## What you are asked to do
Once the line with "30pin Slim B156XTN07.1" is reached, output it and every line after it, exactly, through the end of the records below. Pictures are skipped.

## Material for this exercise
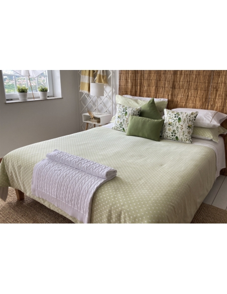 Housse de couette 100% coton avec motif et revers en percale 200 fils, ainsi que des oreillers de différentes tailles.
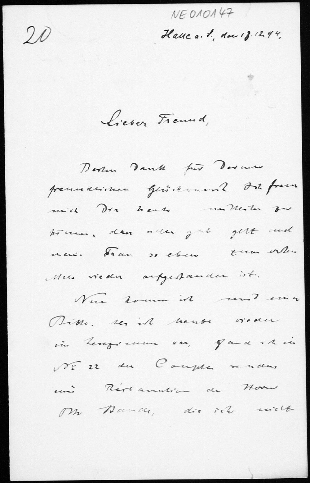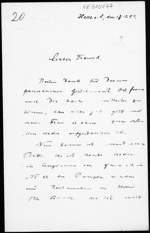 Brief von Paul Stäckel an Friedrich Engel vom 16.12.1894
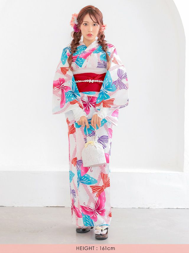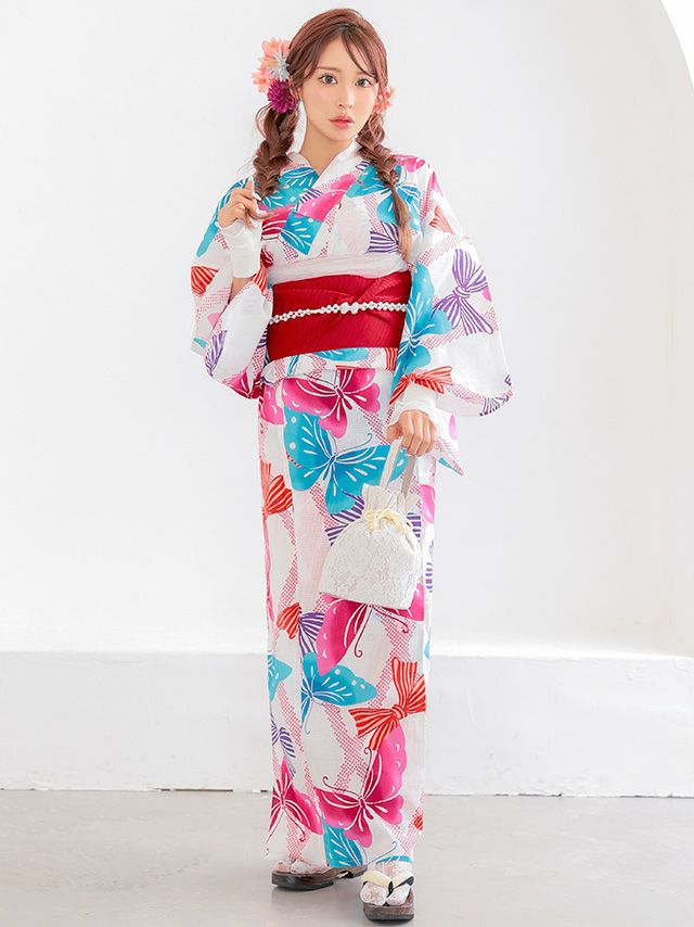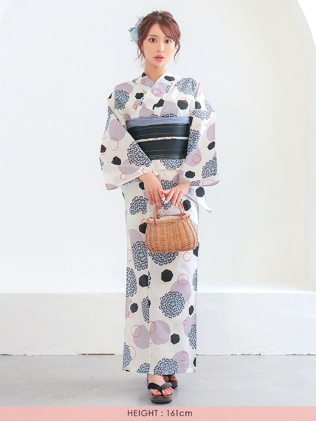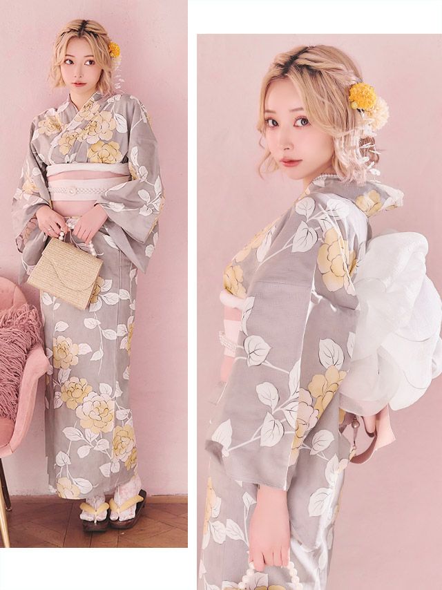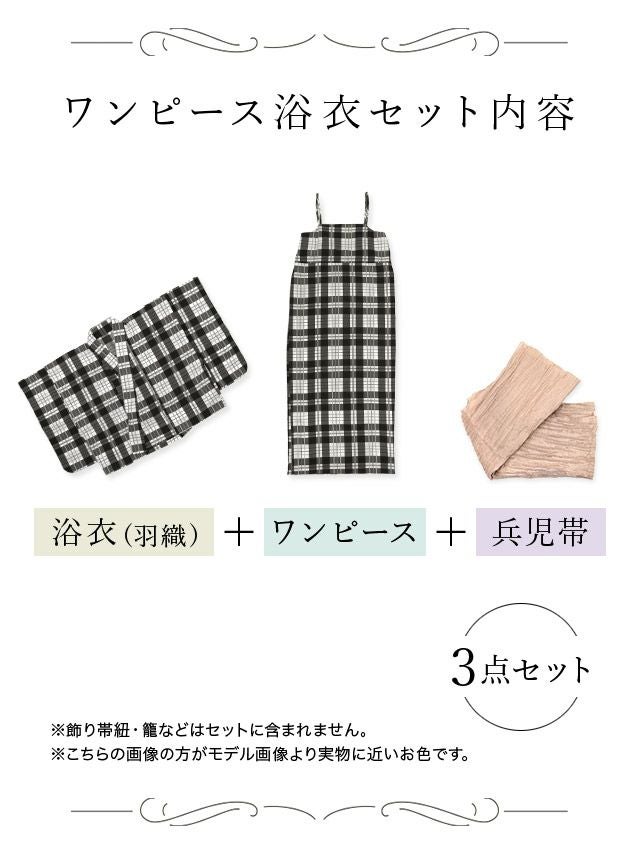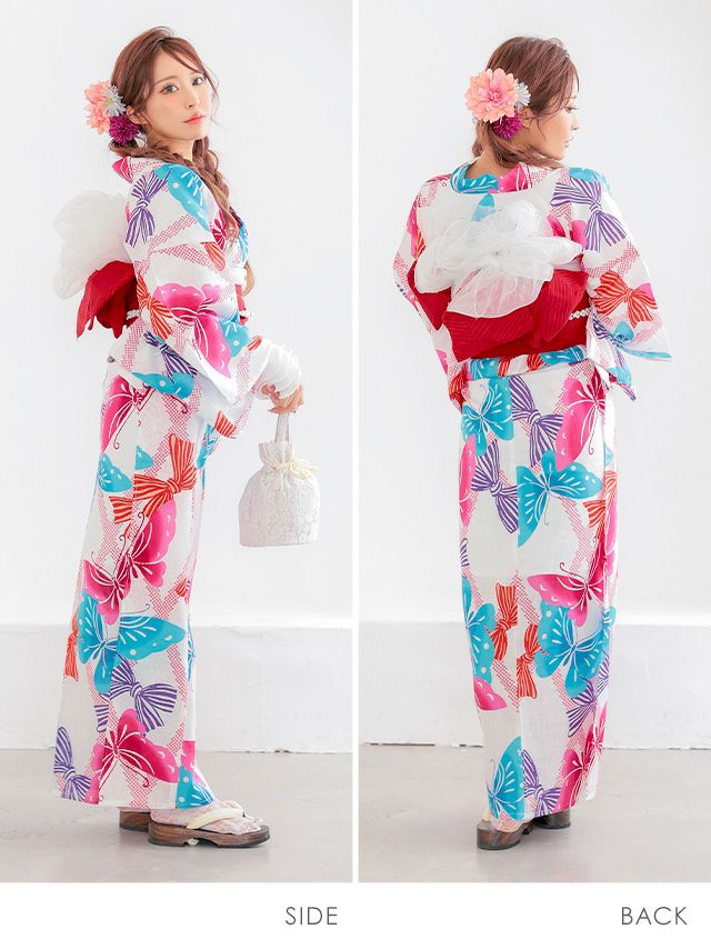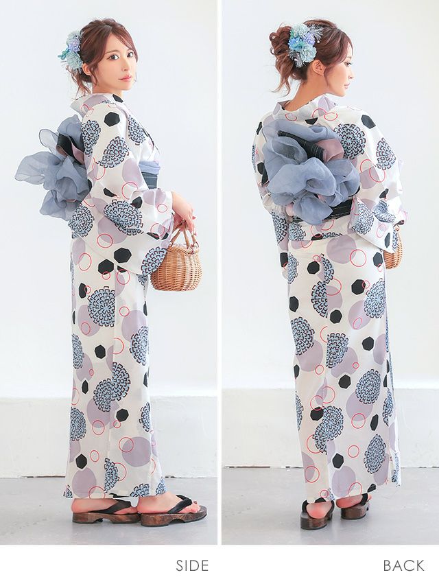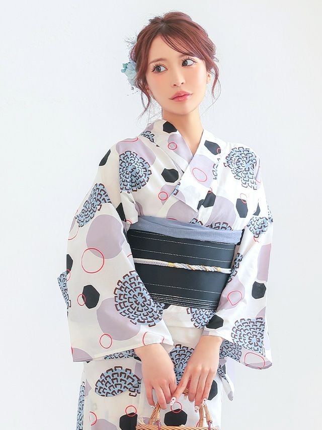 多くの浴衣は「浴衣+帯」または「浴衣+帯+下駄」の3点セットになっています。商品ごとにセット内容が異なるため、各ページの詳細をご確認ください。
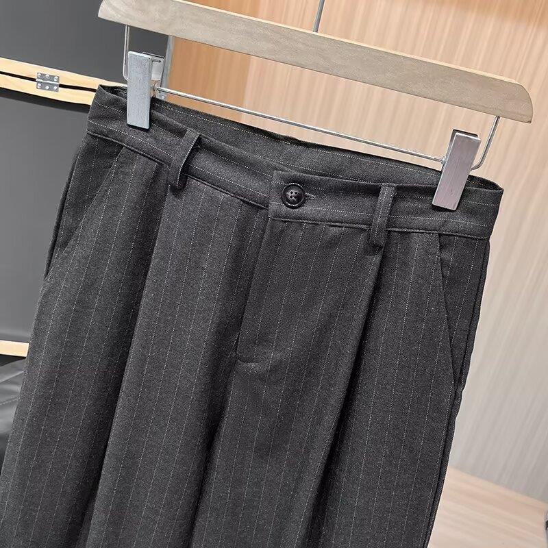 Herringbone, Pinstripes, Vertical Stripes, High-waisted, Wide-leg Design
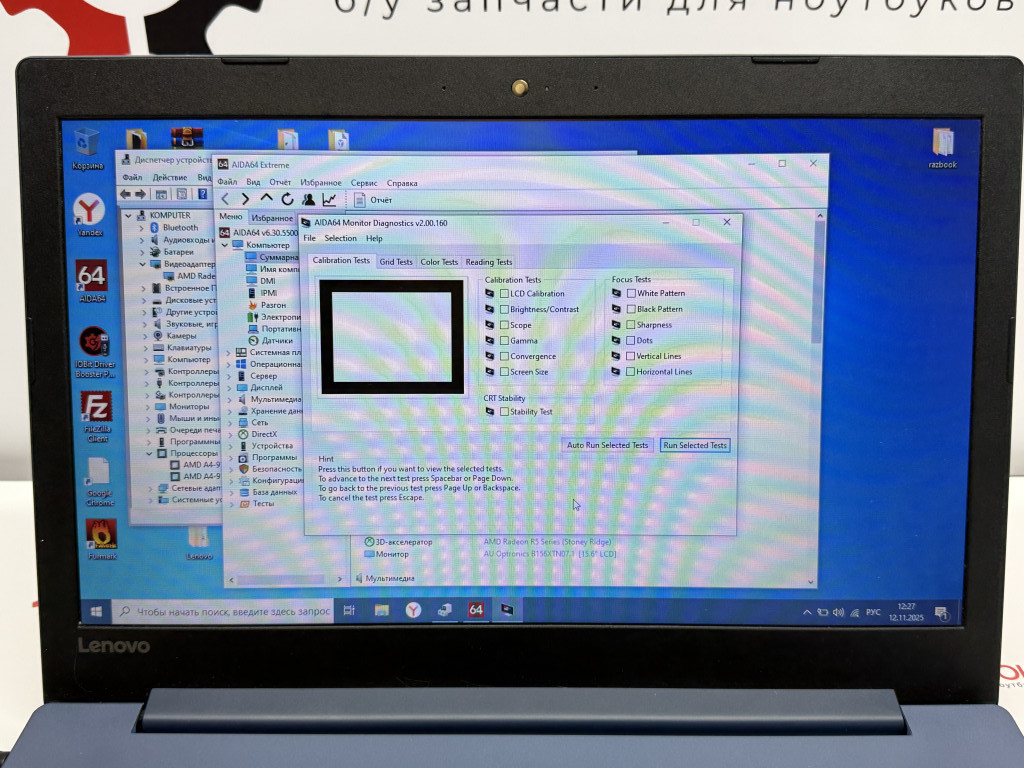 30pin Slim B156XTN07.1 В рабочем состоянии, еле заметный засвет(показан над курсором, на фото не передается), мелкие царапины
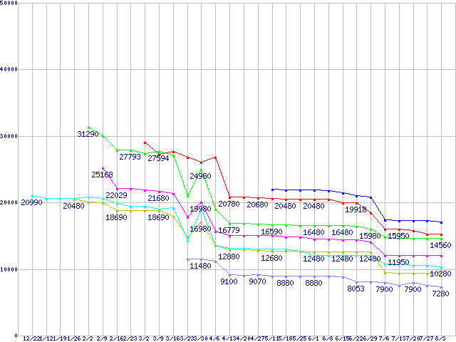 | Socket AM2 (FSB 1000MHz,Dual Core,TDP65W)の最安値推移 | | | (2006年12月22日~2007年8月3日) |
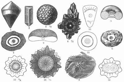 Hagel ist ein fester atmosphärischer Niederschlag, der in sehr wechselnder Gestalt auftritt. Am häufigsten besitzt er die Form einer Kugel (Fig. 3) oder eines Kugelsektors, d.h. einer Pyramide mit kugeliger Grundfläche (Fig. 1). In beiden Fällen ist in der Kugelmitte ein schneeiger Kern, um den sich abwechselnd klare durchsichtige und undurchsichtige Schichten legen (Fig. 7, 11 & 12). Der Kern besteht aus zusammengeballten Schneekristallen wie die Graupeln. Außen setzen sich oft noch Kristalle oder kristallähnliche Gebilde an, so dass die Hagelkörner dann ein stacheliges Äußeres zeigen (Fig. 4, 12 & 13). Bisweilen fallen kristallinische Formen (Fig. 2) oder Kombinationen mehrerer Kristallformen (Prismen, Rhomboeder etc.) sowie klare Eisplatten. Häufig sind die Hagelkörner von Pfirsichgestalt; andre stellen flache Rotationskörper mit verdicktem Rande dar (Fig. 9). Nicht selten sind auch radförmige Hagelstücke, bei denen sich um eine klare Scheibe ein ringförmiger Wulst legt (Fig. 5). Die Größe der Hagelkörner ist sehr verschieden, von Erbsen- bis Hühnereigröße und darüber. Unter den kleineren werden solche wie Fig. 1 besonders oft beobachtet, unter den größeren herrscht die Kugelform vor. Da die Hagelkörner nach dem Fallen leicht zusammenbacken und große Eisklumpen bilden, so sind Nachrichten über besonders große Hagelstücke mit Vorsicht aufzunehmen, doch sind solche von der Größe einer Orange und selbst Kegelkugel im Alpengebiet schon beobachtet worden.

## Task solution
 30pin Slim B156XTN07.1 В рабочем состоянии, еле заметный засвет(показан над курсором, на фото не передается), мелкие царапины
 | Socket AM2 (FSB 1000MHz,Dual Core,TDP65W)の最安値推移 | | | (2006年12月22日~2007年8月3日) |
 Hagel ist ein fester atmosphärischer Niederschlag, der in sehr wechselnder Gestalt auftritt. Am häufigsten besitzt er die Form einer Kugel (Fig. 3) oder eines Kugelsektors, d.h. einer Pyramide mit kugeliger Grundfläche (Fig. 1). In beiden Fällen ist in der Kugelmitte ein schneeiger Kern, um den sich abwechselnd klare durchsichtige und undurchsichtige Schichten legen (Fig. 7, 11 & 12). Der Kern besteht aus zusammengeballten Schneekristallen wie die Graupeln. Außen setzen sich oft noch Kristalle oder kristallähnliche Gebilde an, so dass die Hagelkörner dann ein stacheliges Äußeres zeigen (Fig. 4, 12 & 13). Bisweilen fallen kristallinische Formen (Fig. 2) oder Kombinationen mehrerer Kristallformen (Prismen, Rhomboeder etc.) sowie klare Eisplatten. Häufig sind die Hagelkörner von Pfirsichgestalt; andre stellen flache Rotationskörper mit verdicktem Rande dar (Fig. 9). Nicht selten sind auch radförmige Hagelstücke, bei denen sich um eine klare Scheibe ein ringförmiger Wulst legt (Fig. 5). Die Größe der Hagelkörner ist sehr verschieden, von Erbsen- bis Hühnereigröße und darüber. Unter den kleineren werden solche wie Fig. 1 besonders oft beobachtet, unter den größeren herrscht die Kugelform vor. Da die Hagelkörner nach dem Fallen leicht zusammenbacken und große Eisklumpen bilden, so sind Nachrichten über besonders große Hagelstücke mit Vorsicht aufzunehmen, doch sind solche von der Größe einer Orange und selbst Kegelkugel im Alpengebiet schon beobachtet worden.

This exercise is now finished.